The Legislature is stepping in for short term political gain. They've been encouraged to do it by the same people who supported the SFWCA, which was passed for short term political gain. The funny thing is that the event that has set them off is one that was actually done using science and going against the grain you would have predicted if you read the bios of the NRC members. Sure, you might disagree with the conclusions from the science but there are always disagreements there. What isn't the least surprising is that a decision by a small group of appointees would be seen as biased/political/unfair. In fact, it was completely predictable. I know because I did predict it. And now the Legislature, stung by their apparent powerlessness, have stepped in with a short sighted plan to save face and set the precedent for future Legislation that will do the same. And you can feel confident that future politicians will take the opportunity to pander to their constituents with some pet environmental/conservation/green/civilized legislation. The only difference will be next time the Party that controls congress may be the same one that controls the Governor's mansion and the thing will breeze through.

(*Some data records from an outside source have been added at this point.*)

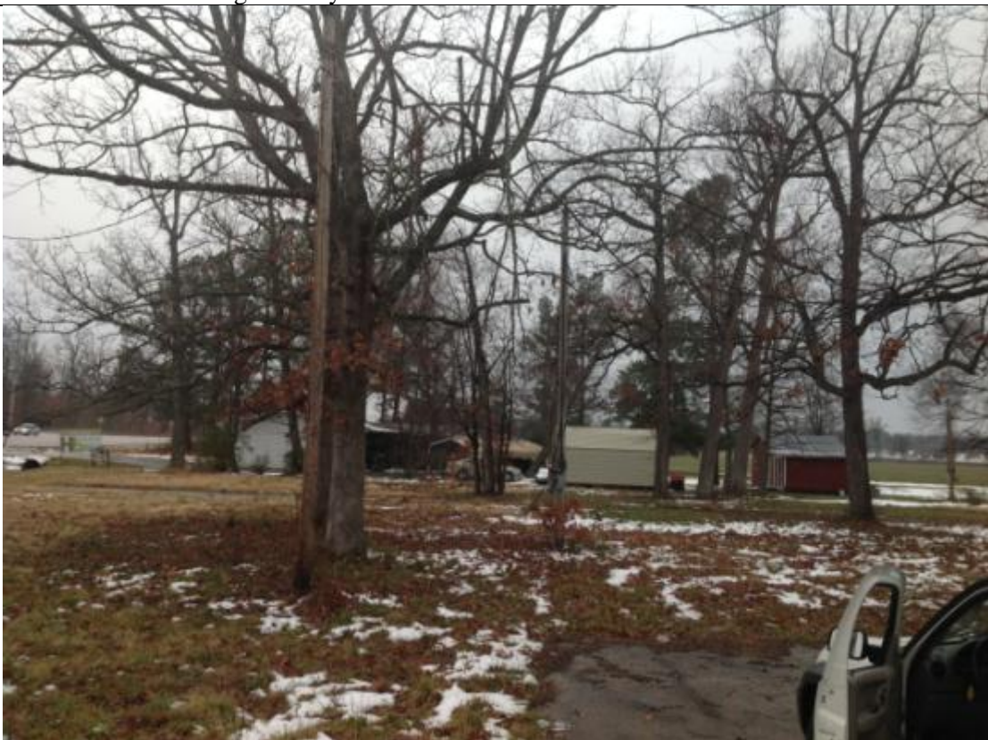
View from Clinton School Road, looking West at neighboring property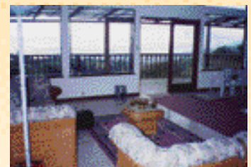
San Antonio de Escazú, incomparable views. $160,000 (H-767-SJ)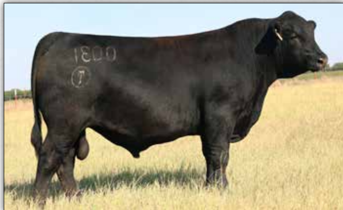
TAR Dominance 0031 - Sire of Lot 20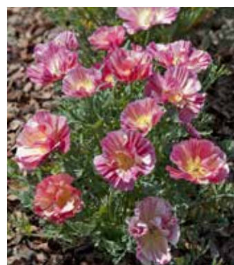
ES4388 ESCHSCHOLZIA californica 'Thai Silk Rose Chiffon'

(SAHIN 2008) unique soft champagne-pink on a cream base, extra double flowers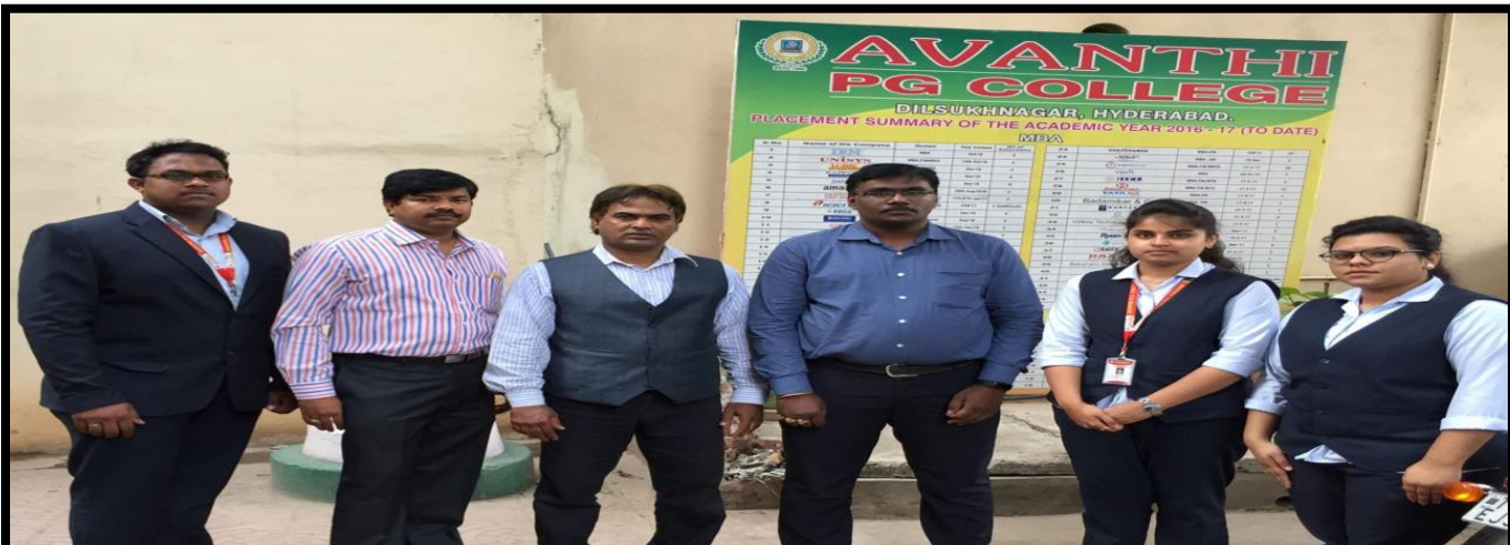
SELECTS OF KARVY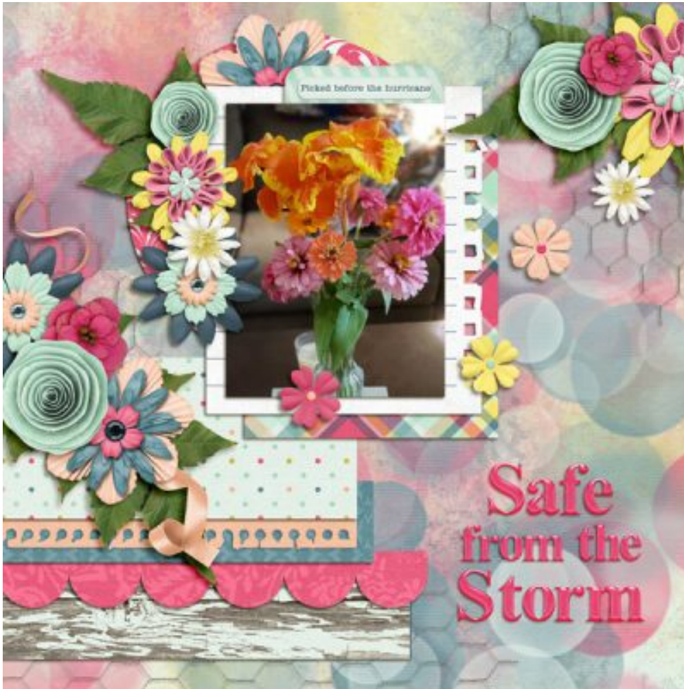
Layout by Betsyfru

Bad precedent and bad policy.

My argument against the SFWCA was that by putting more power in the hands of a few appointees it actually made it easier for lobbyists to get the results they wanted. I admitted at the time that that would probably be good for me, the more powerful lobbyists tend to align with many of my interests. But it's still bad policy and I opposed it on those grounds. Looking at the decisions that have come through the NRC in the last couple years, especially the ones where they have banded together to go against recommendations of the DNR, and you'll see classic signs of deal making and quid pro quo's. I've a feeling I'll be having a very good day and some of you will once again be wondering when it will stop. The only good thing about bad policy is when it's bad in your favor.


----------



## kzoofisher

ridgewalker said:


> If passed and the DNR/NRC challenged it in court, they would lose any respect that they still have which IMO is not much.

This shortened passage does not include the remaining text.